Relevantly to your situation, subsection 99B(2) of the ITAA 1936 modifies the rule in subsection 99B(1) and has the effect that the amount to be included in assessable income under subsection 99B(1) is not to include any amount that represents either:
• Corpus of the trust estate (except to the extent it is attributable to mounts derived by the trust estate that, if they had been derived by a taxpayer being a resident, would have been included in the assessable income of that taxpayer of a year of income (paragraph 99B(2)(a) of the ITAA 1936)
• amounts that would not have been included in the assessable income of a resident taxpayer (paragraph 99B(2)(b) of the ITAA 1936), and
• amounts previously included in the beneficiary's income under section 97 of the ITAA 1936 (paragraph 99B(2)(c) of the ITAA1936).
The Macquarie Dictionary (Online edition 2022) defines 'corpus' to mean a 'principal or capital sum as opposed to interest or income'.
In your case, to the extent that the amount withdrawn from the foreign inherited retirement savings plan account represents an amount rolled-over from another plan, the amount represents corpus of a trust estate and is an amount to which paragraph 99B(2)(a) of the ITAA 1936 applies.
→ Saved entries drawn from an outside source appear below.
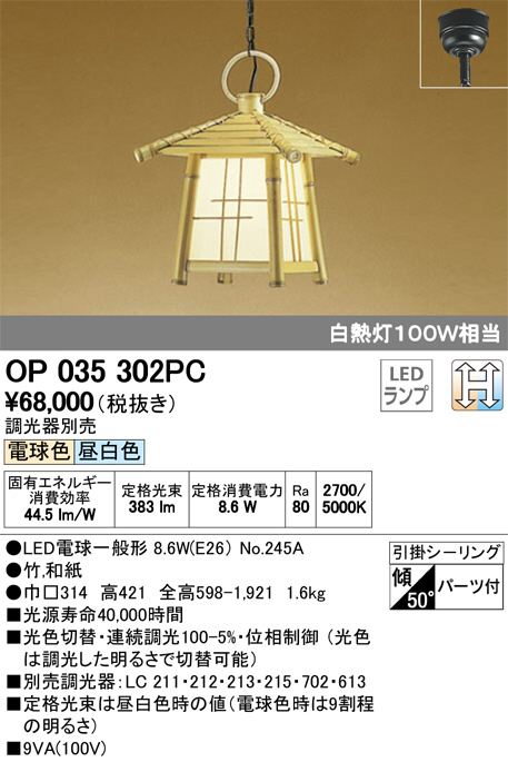 ODELIC ¥ª¡¼¥Ç¥ê¥Ã¥¯ ¥Ú¥ó¥À¥ó¥È¥é¥¤¥È OP035302PC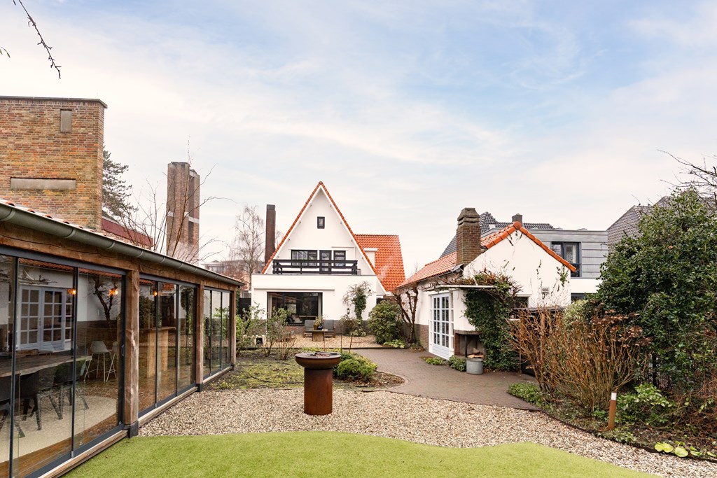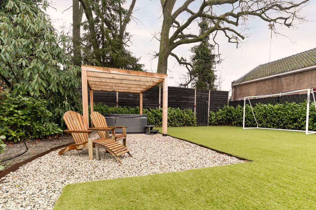 De woning is gelegen op een riant perceel van 1.043 m². Zowel aan de voor- als aan de achterzijde is de tuin groen, ruim en verzorgd en beschikt het over een ruime veranda met sfeervolle houtkachel. De in 2021 aangelegde achtertuin ligt op het zuidoosten en biedt veel privacy door hoge bomen en beschikt over een beregeningsinstallatie en fraaie tuinverlichting. Door de diverse terrassen, is er op elk moment van de dag een zonnige plek te vinden.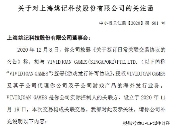 12月22日,姚记科技(002605。SZ)收到深交所的关注函。12月8日,瑶姬科技宣布,瑶姬科技及其子公司拟与瑶姬科技关联方VIVIDJOAN GAMES签订协议,授权VIVIDJOAN GAMES及其子公司代理瑶姬科技及其子公司游戏产品的海外分销。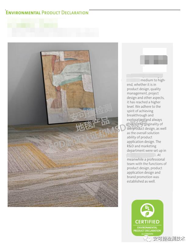 安可捷为无锡某材料企业提供从地毯产品生命周期评价(LCA),产品环境信息声明(EPD)报告到报告审核支持的一站式服务,协助该企业于11月4日获得UL EPD副证。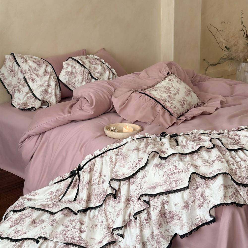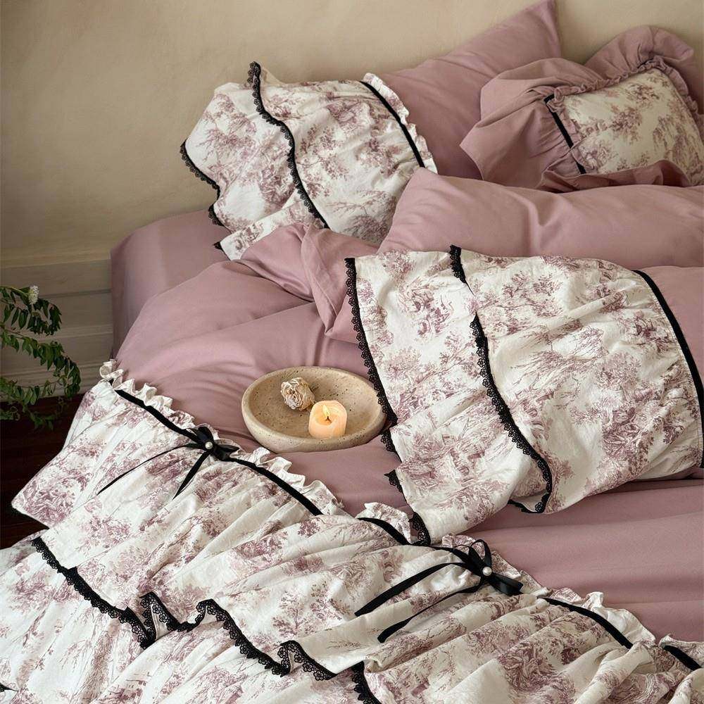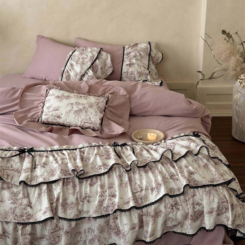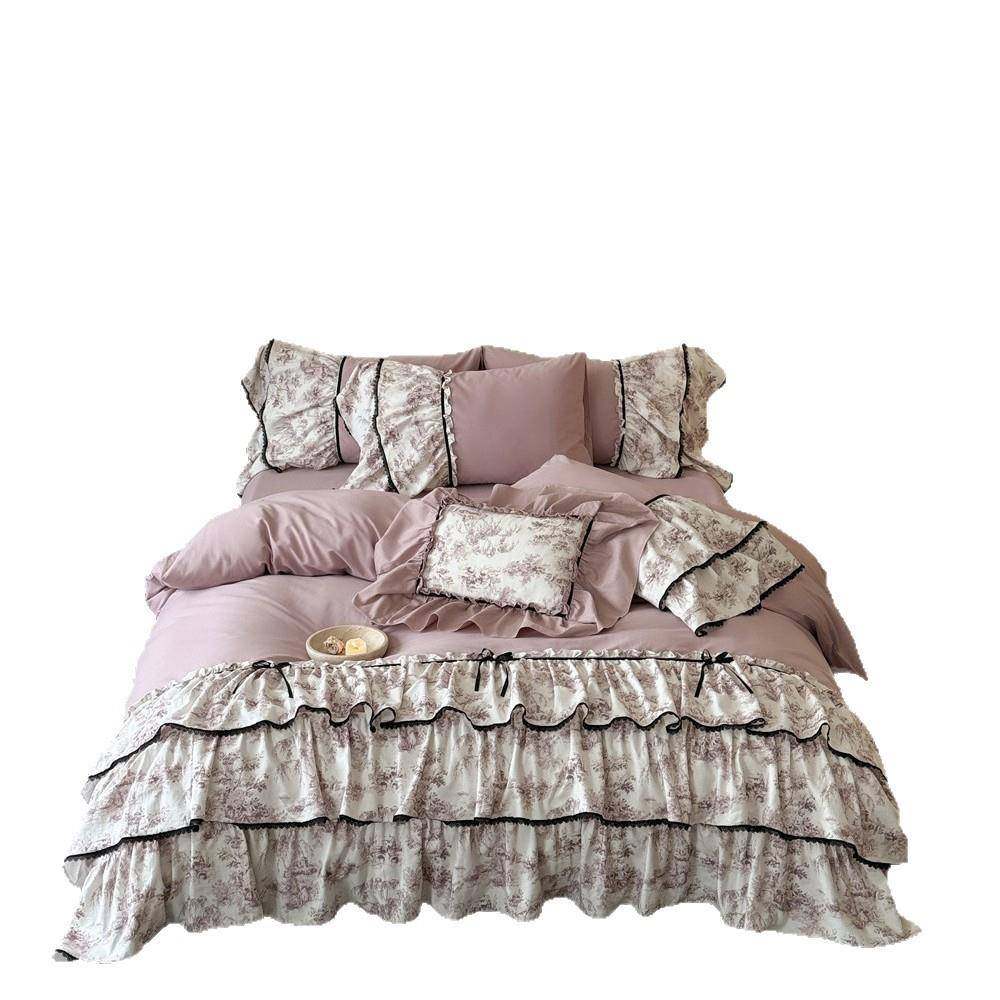 秋冬款法式公主风全棉超柔磨毛床上套件轻奢风荷叶花边被套四件套

Further, the amount is not attributable to an amount or amounts derived by the trust estate that, if they had been derived by an Australian resident taxpayer, would have been included in the assessable income of that taxpayer.
Therefore, the amount rolled over into your inherited retirement savings plan account as a beneficiary of your relative's retirement savings plan and subsequently withdrawn by you is not subject to tax under subsection 99B(1) of the ITAA 1936.
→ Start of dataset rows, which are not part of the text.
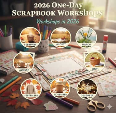 Join us for a day of creativity and fun at our 2026 One-Day Scrapbook Workshops! Whether you're a seasoned pro or a complete beginner, you'll leave with a gorgeous, personalized layout and a boost of inspiration.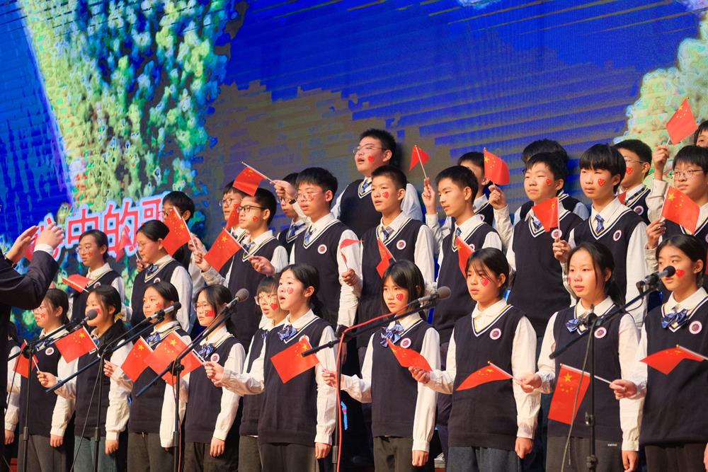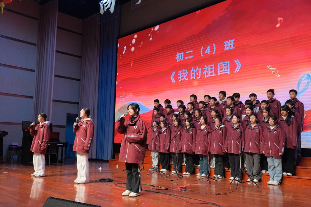 “一条大河波浪宽,风吹稻花香两岸”,初二(4)班的同学们将《我的祖国》的恢弘与温暖展现得淋漓尽致。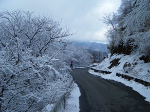1. Here is the track, recorded with my GPS tracker:http://www.mapmyride.com/route/jp/kanto/621126969376155001My ride was 208km up to Ome. 220km for Tom sounds right as I had to ride 15km more at the start.Mapmyride says we did just over 3,000m, but this includes at least Mitsumine Tunnel, so more likely we did around 2,700m. With the heavier cyclocross bike and the energy consuming riding through the snow, it felt like over 3,000m on a normal bike though.No worries about not waiting for me at the Holy Fountain. It was better you had that race and thus made it home just in daylight. You must have raced like mad. I was at Ome station just an hour before you got home.I also met a rider on a normal bike when I remounted at the Holy Fountain. Initially he was a bit slow, so I passed him and greeted him. He then followed me, always with about 10 meters distance, avoiding the impression he was wheel-sucking.With 180km and all that climbing in my legs, I felt quite miserable labouring up that last 150m pass. He initially stayed behind me, then pulled up besides me and we started chatting. Thus in no time were we at the tunnel, and from there on things were easy.He had just done Yamabushi three times and was going to another ikitomari pass in the valley down that tunnel pass. He was training for all the major hill climbs we know of – very impressive. He in turn was impressed I was able to go that fast on my cyclocross, and even more so when he learnt what I had already accomplished that day…It wasn't my best day though – I wasn't able to push my heart rate over 160, which means I hadn't rested sufficiently during the week. Hopefully next time I will be in better form – still no match for you, Tom, I am sure, but maybe a bit less of a nuisance.Cheers, Ludwig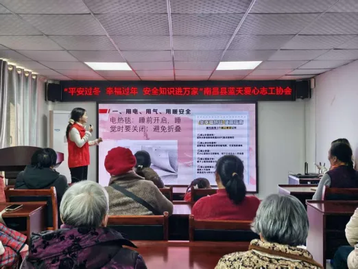 2026年1月28日,重庆大学星火长征实践团与南昌县蓝天爱心志工协会联合开展的“银龄相伴”活动,以“冬季身心安全”为主题,通过故事分享、知识讲解、互动教学等形式,活动为老人们带来了一堂生动而实用的冬季健康安全课。

However, to the extent that the amount withdrawn from the inherited retirement savings plan account represented earnings on the corpus of the fund from when you became its owner, the amount would represent an amount that, if derived by a taxpayer being a resident, would have been included in the assessable income of that taxpayer. This is because earnings by way of interest or capital gains is normally assessable income in the hands of an Australian resident taxpayer.
Therefore, the amount withdrawn from the plan account that represented earnings on the corpus of the fund from when you became its owner is not excluded from assessable income by paragraph 99B(2)(a) of the ITAA 1936 and is included in your assessable income under subsection 99B(1) of the ITAA 1936.